[What you have to do] Every line from the start of the records through the line with "人気セクシー女優の瀬戸環奈さ" is to be written out exactly; pictures are not.

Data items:
----------------------------------------

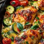 Un delicioso plato mediterráneo de pollo y calabacín al horno, fácil de preparar y lleno de sabor.
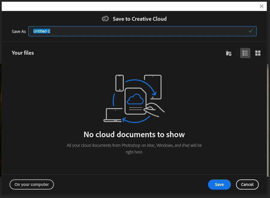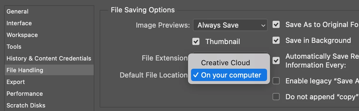 Disable Save to Creative Cloud dialog box
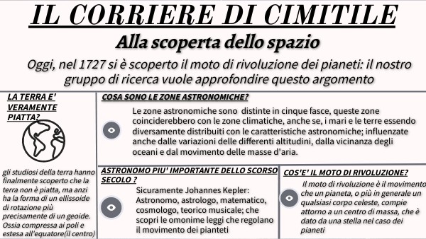 Oggi, nel 1727 si è scoperto il moto di rivoluzione dei pianeti: il nostro gruppo di ricerca vuole approfondire questo argomento
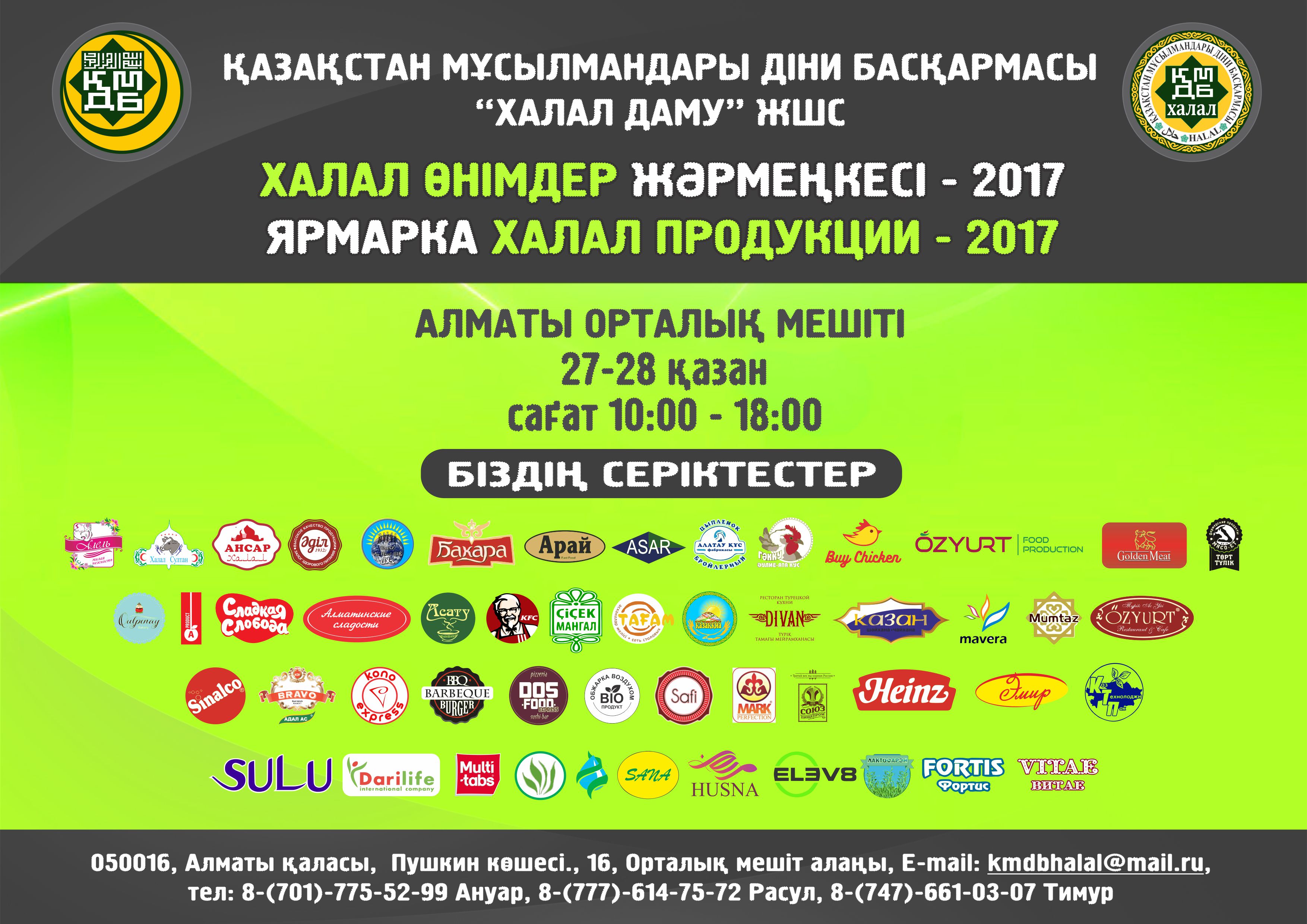 ҚМДБ, «Халал Даму» ЖШС сіздерді «Халал өнімдер жәрмеңкесі-2017» атты кезекті жәрмеңкесіне шақырады. Өтетін орны 2017 жылы қазан айының 27-28 жұлдызында, Алматы қаласы, Пушкин көшесі, 16 мекен-жайы бойынша, Орталық мешіттің алаңында, сағат 10:00-ден 18:00-ге дейін өтеді.
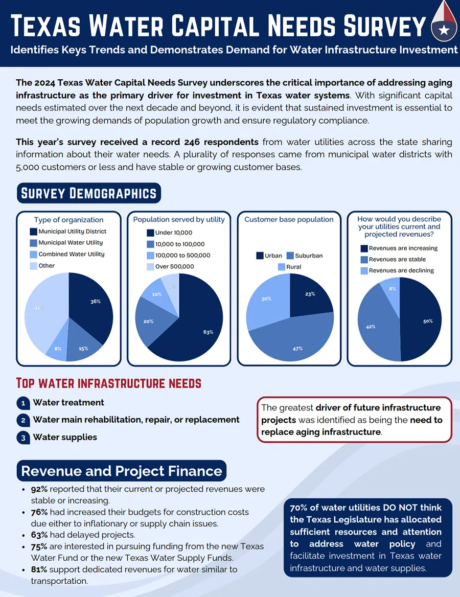 TXWIN produces and supports research that reflects real conditions across Texas water utilities. This includes the annual Texas Water Capital Needs Survey, developed with industry partners and based on input from utilities statewide.
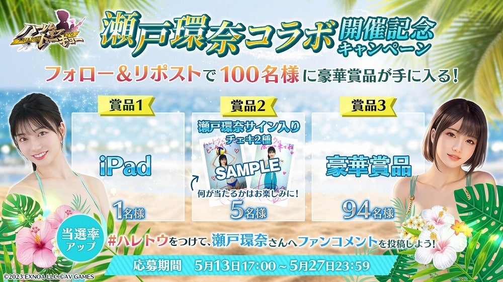 人気セクシー女優の瀬戸環奈さんとのコラボレーションを記念して、抽選で合計100名様にゲーム内に登場する衣装を着用したサイン入りチェキや、豪華賞品が当たるキャンペーンを実施いたします。
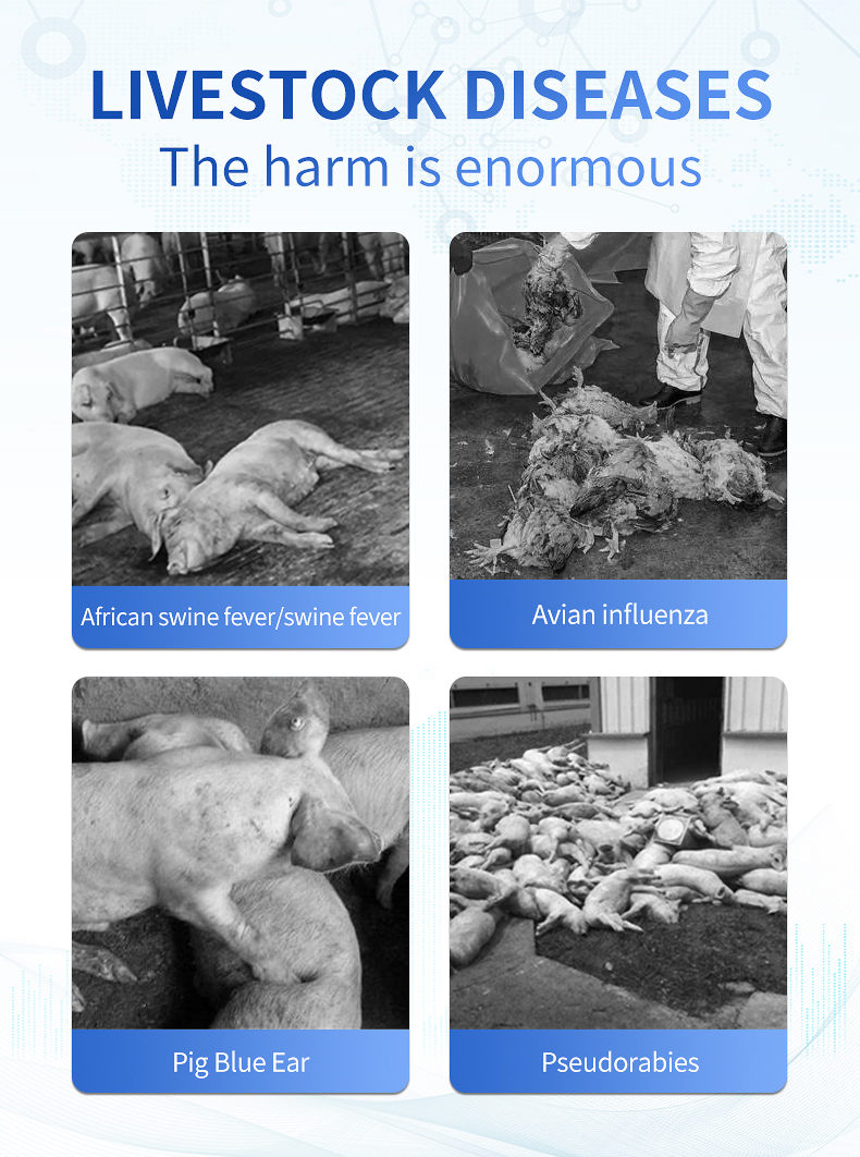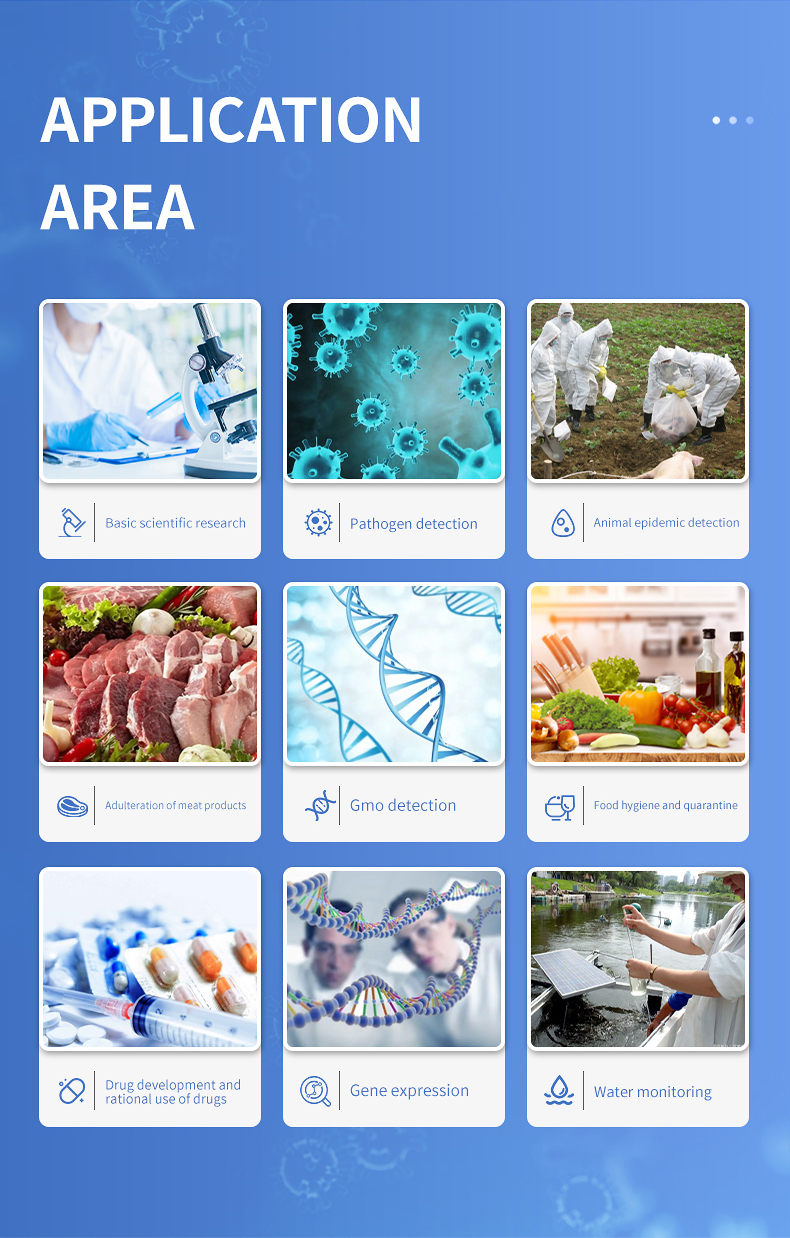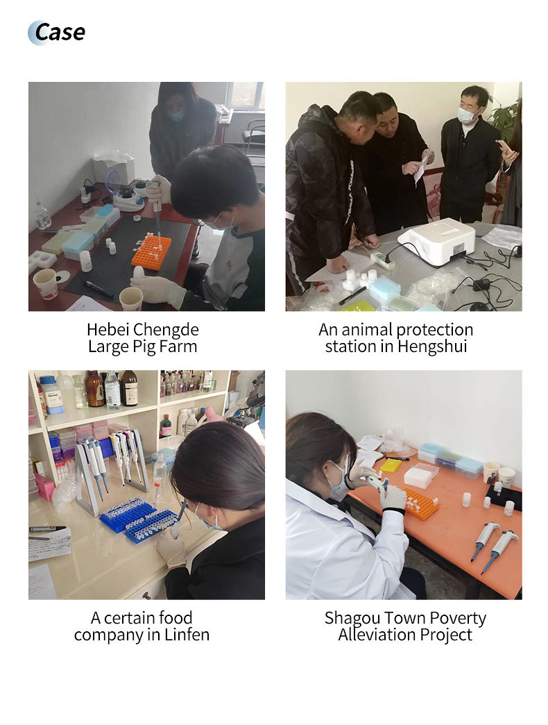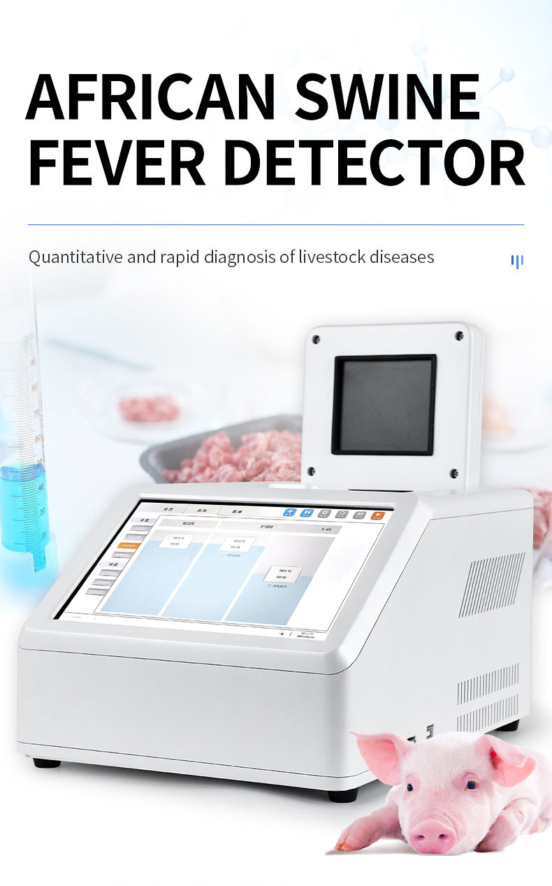 The African swine fever PCR detector, along with the African swine fever virus fluorescent PCR detection kit and the African swine fever virus fluorescent PCR nucleic acid detection kit, have both obtained product approval from the Ministry of Agriculture and Rural Affairs and can meet the needs of rapid on-site detection of African swine fever nucleic acid. This instrument, equipped with relevant reagent kits, can also quickly and quantitatively diagnose other livestock diseases such as avian influenza, swine fever, porcine blue ear, pseudorabies, etc. It is widely used in breeding farms, slaughterhouses, food processing plants, meat product deep processing enterprises, the Ministry of Agriculture and Rural Affairs, animal husbandry bureaus, and inspection and quarantine units.

----------------------------------------

[Result for this exercise]
 Un delicioso plato mediterráneo de pollo y calabacín al horno, fácil de preparar y lleno de sabor.
 Disable Save to Creative Cloud dialog box
 Oggi, nel 1727 si è scoperto il moto di rivoluzione dei pianeti: il nostro gruppo di ricerca vuole approfondire questo argomento
 ҚМДБ, «Халал Даму» ЖШС сіздерді «Халал өнімдер жәрмеңкесі-2017» атты кезекті жәрмеңкесіне шақырады. Өтетін орны 2017 жылы қазан айының 27-28 жұлдызында, Алматы қаласы, Пушкин көшесі, 16 мекен-жайы бойынша, Орталық мешіттің алаңында, сағат 10:00-ден 18:00-ге дейін өтеді.
 TXWIN produces and supports research that reflects real conditions across Texas water utilities. This includes the annual Texas Water Capital Needs Survey, developed with industry partners and based on input from utilities statewide.
 人気セクシー女優の瀬戸環奈さんとのコラボレーションを記念して、抽選で合計100名様にゲーム内に登場する衣装を着用したサイン入りチェキや、豪華賞品が当たるキャンペーンを実施いたします。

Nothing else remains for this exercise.